Adib Zaini’s opening story ‘The Runner’ sets the tone with vivid efficiency: a rebellious youth takes an evening job at an internet café and becomes embroiled in the heroin trade, proving to be a proficient drug dealer but too seduced by the lure of quick money to anticipate the repercussions associated with walking away. The specific workings of the narcotics network are sketched (patron requests for non-existent computer terminals are actually orders for product) while the students of the protagonist’s high school are seen to be as chemically dependent as those customers who frequent her place of part-time employment. Shaz Johar’s splendidly cynical ‘Asian Angel’ offers a celebrity culture spin on Sunset Boulevard (1950) as a self-absorbed diva meets a mysterious end in a hotel bathtub after assaulting the Indonesian actress who may be having an affair with her businessman husband. A jilted lover tries to win back his ex-girlfriend but keeps falling into bed with other women in Fadzlishah Johanabas’ ‘Kiss from a Rose’, which conveys the obsessive yearning of a self-destructive romantic whose daily routine is heading dangerously close to stalker territory. Marc de Faoite’s unsettling ‘Mamak Murder Mystery’ follows the efforts of a restaurant employee to deduce who has killed his co-worker as everyone he surveys on the nightshift becomes a possible suspect. The most graphic story in the anthology is arguably Megat Ishak’s grisly ‘Cannibal vs. Ah Long’ in which money lenders become the target of a smiling cannibal with an insatiable appetite. His devouring of debt collectors is perversely justifiable in a society that prompts cash-strapped citizens to borrow funds at rates of interest that rapidly escalate, making it impossible to keep up with repayments.

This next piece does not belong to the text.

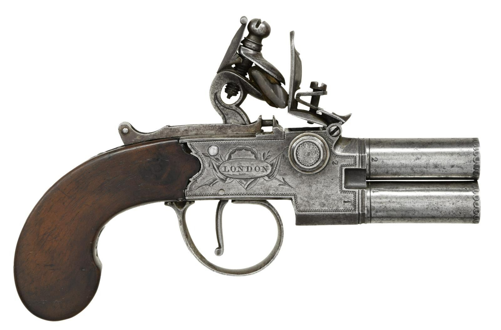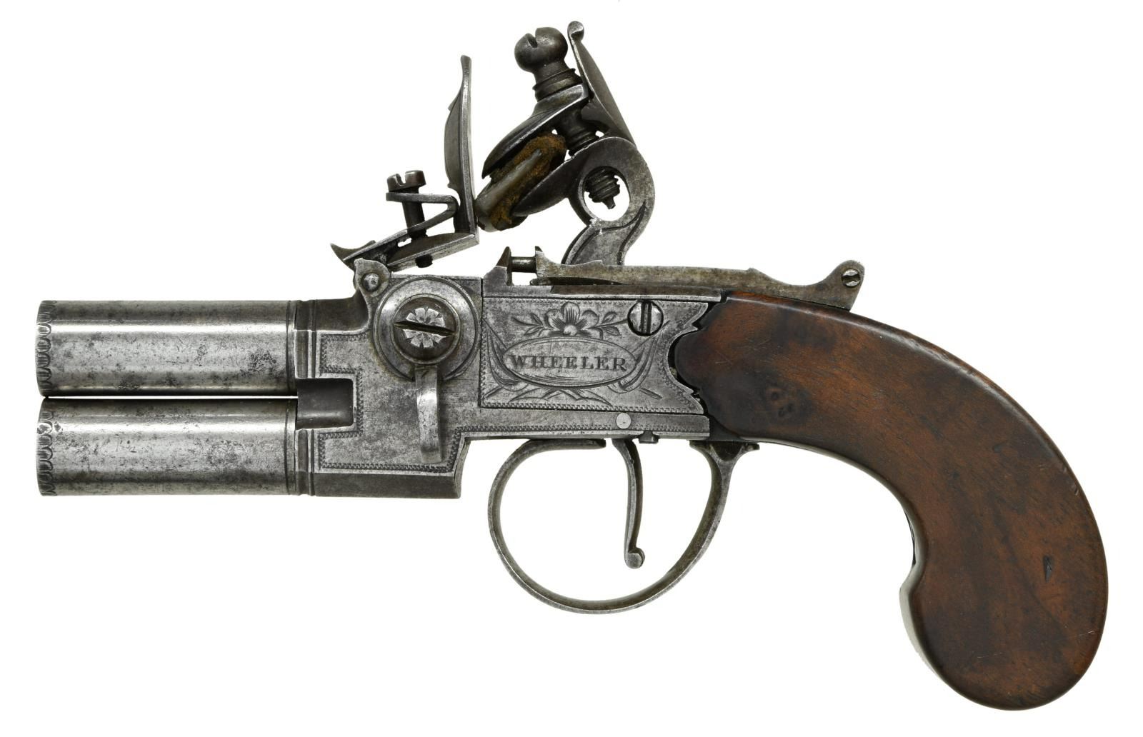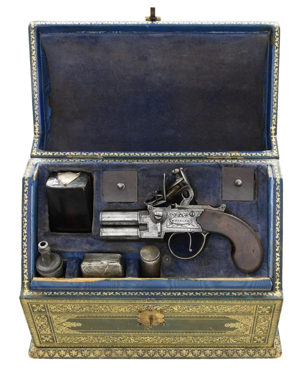 BARREL BOXLOCK FLINTLOCK PISTOL BY WHEELER WITH TOOLS, ETC. Cal. 38. S# NSN. Green Morocco leather covered casket with tip up lid has considerable gold embossing with scrolls, etc. and geometric borders. Interior is lined in blue velvet and has angled display board with compartments. Screw barrel pistol with 1-3/8" barrels is in O/U configuration with pivoting drum in breech section to hold seperate priming charges. London proofs are on bottom. Frizzen has external spring. Boxlock mechanism is fitted with reinforced flint cock and has sliding safety that engages at half cock and also locks frizzen. Left side of action is engraved "WHEELER" (probably Robert working in Birmingham 1766-99) within flag flanked oval device; right side is engraved "LONDON". Pistol is fitted with plain flat sided walnut grip. A vacant silver oval is at back of grip. Accessories consist of, wooden case with slip off top having silver shield engraved "L" which contains fancy bone handled turn screw, vent pick, ramrod, etc. in large compartment. Smaller compartments toward front hold cylindrical powder measure with top marked "Hawksley", a German silver container for balls marked "77" on top, a silver snuff box holding flints with engraved top along with monogram "PB" "Jan 1 st" "1848". Two small compartments toward top hold patches under rosewood covers. CONDITION: pistol exhibits considerable wear. Metal is cleaned gray patina. Wood has old refinish. Bores are good. Mechanically good. Casket is fine. Some gold is fading. Interior cloth is good. Partitions show rubs. Accessories show denting and many marks. Top of tool box has many cracks. (01-23958/MGM). ANTIQUE. $4,500-6,000.

Certain spaces and industries reoccur throughout the anthology, with shopping centres becoming places of anxiety in two genuinely haunting entries. Power walking around the mall becomes an exercise in vigilance in Preeta Samarsan’s ‘Rukun Tetangga’ as a retiree becomes determined to stop a child killer from striking again, with the incessant patrolling of the city’s anonymous retail outlets ultimately resulting in the self-appointed protector’s exhaustion. Superstition comes to the fore in Eeleen Lee’s ‘The Oracle of Truth’ in which a fortune teller has a nasty run-in with a gang of thugs as traditional practises and vicious opportunism tragically collide in a pedestrian street mall. The sex industry features in Kris Williamson’s ‘Chasing Butterflies in the Night’, which deals with a serial killer who preys on prostitutes, while Dina Zaman’s stylised essay ‘After Dark, My Love’ explores the city’s increasingly blasé attitude towards red light activities as extra service is now offered in upscale establishments rather than being restricted to its back streets. As in the best anthologies, the stories in KL NOIR: RED complement one another while evidencing singular voices and varied approaches to narrative form. Some contributors utilise crime scenarios, with others skirting the edges of genre to express urban malaise through style tropes, while the references to specific areas that are scattered throughout provide a rough guide to a Kuala Lumpur which is at once tangible yet scarily unknowable. Traversing this city via noir tapestry suggests a sinister range of interconnected milieus from which curious readers are unlikely to emerge unscathed, although the intoxicating combination of Malay culture and genre trappings should ensure that most will want to recover in time for the next volume in the series.
KL NOIR: RED is published by Fixi Novo, an imprint of Buku Fixi.